5. The apparatus of claim 4 further comprising one or more position sensors to input the position of at least one or more sections of the solenoidal coil to the processing system.

6. The apparatus of claim 4 further comprising one or more electric power sensors to input the instantaneous electrical load power to the processing system.

7. The apparatus of claim 4 further comprising one or more position sensors to input the position of at least one or more sections of the solenoidal coil to the processing system and one or more electric power sensors to input the instantaneous electrical load power to the processing system.

8. A method of heating a strip by electric induction, the method comprising the steps of passing the strip through a solenoidal coil connected to an ac power supply by a capacitive element to form a load circuit; selectively altering the distance between at least one or more sections of the coil and the strip responsive to a change in one or more parameters of the strip changing the impedance of the load circuit, and modulating the output frequency of the power supply to keep the load circuit at substantially resonant frequency.

9. The method of claim 8 further comprising the steps of sensing the position of at least one or more sections of the coil; inputting the sensed position to a processing system; and outputting a change in output frequency signal from the processing system, the signal responsive to the sensed position, to the power supply to modulate the output frequency to substantially resonant frequency.

10. The method of claim 8 further comprising the steps of sensing the instantaneous power of the load circuit; inputting the sensed instantaneous power to a processing system; and outputting a change in output frequency signal from the processing system, the signal responsive to the sensed instantaneous power, to the power supply to modulate the output frequency to substantially resonant frequency.

11. The method claim 8 further comprising the steps of sensing the position of at least one or more sections of the coil; sensing the instantaneous power of the load circuit; inputting the sensed position and instantaneous power to a processing system; and outputting a change in output frequency signal from the processing system, the signal responsive to the sensed position and instantaneous power, to modulate the output frequency to substantially resonant frequency.

12. A method of maintaining a constant rate of weight of inductively heated continuous strip per unit time as one or more weight changing parameters of the continuous strip changes, the method comprising the steps of passing the strip through a solenoidal coil connected to an ac power supply by a capacitive element to form an inductive heating load circuit, selectively changing the distance between one or more coils sections of the coil and a surface of the continuous strip responsive to a change in the one or more weight changing parameters of the continuous strip, and modulating the output frequency of the power supply to keep the load circuit at substantially resonant frequency.

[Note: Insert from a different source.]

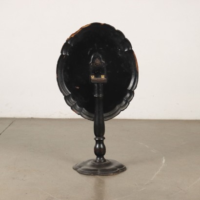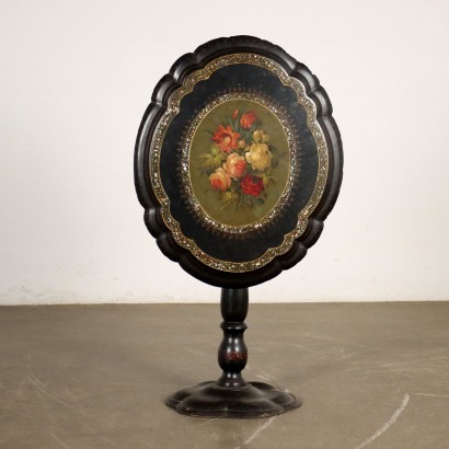 Tavolino a vela in papier-maché ebanizzato, il piano è laccato e dipinto con composizione floreale e le cornici sono in madreperla. Inghilterra, ultimo quarto del XIX Secolo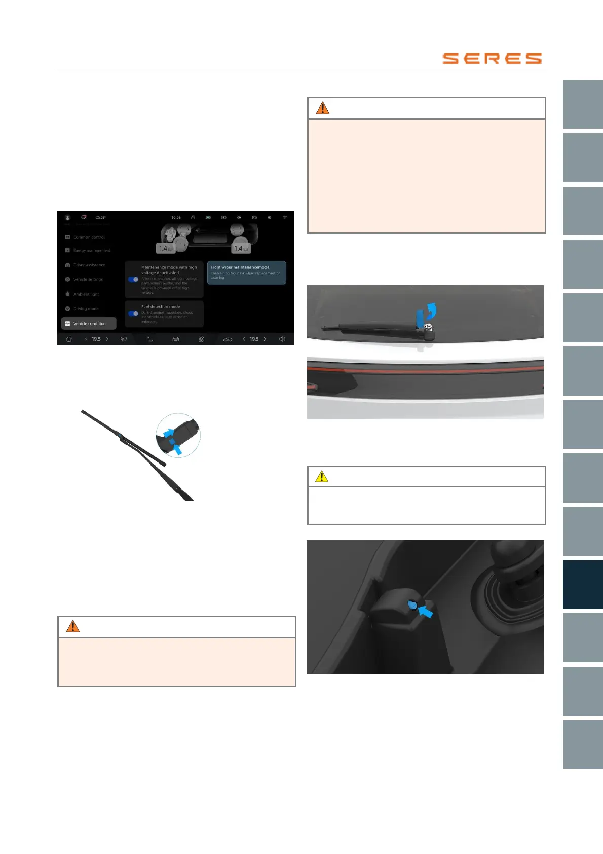 to enable the front wiper maintenance mode.

13. The method of claim 12 further comprising the steps of sensing the position of at least one or more sections of the coil; inputting the sensed position to a processing system; and outputting a change in output frequency signal from the processing system, the signal responsive to the sensed position, to the power supply to modulate the output frequency to substantially resonant frequency.

14. The method of claim 12 further comprising the steps of sensing the instantaneous power of the load circuit; inputting the sensed instantaneous power to a processing system; and outputting a change in output frequency signal from the processing system, the signal responsive to the sensed instantaneous power, to the power supply to modulate the output frequency to substantially resonant frequency.

15. The method claim 12 further comprising the steps of sensing the position of at least one or more sections of the coil; sensing the instantaneous power of the load circuit; inputting the sensed position and instantaneous power to a processing system; and outputting a change in output frequency signal from the processing system, the signal responsive to the sensed position and instantaneous power, to modulate the output frequency to substantially resonant frequency.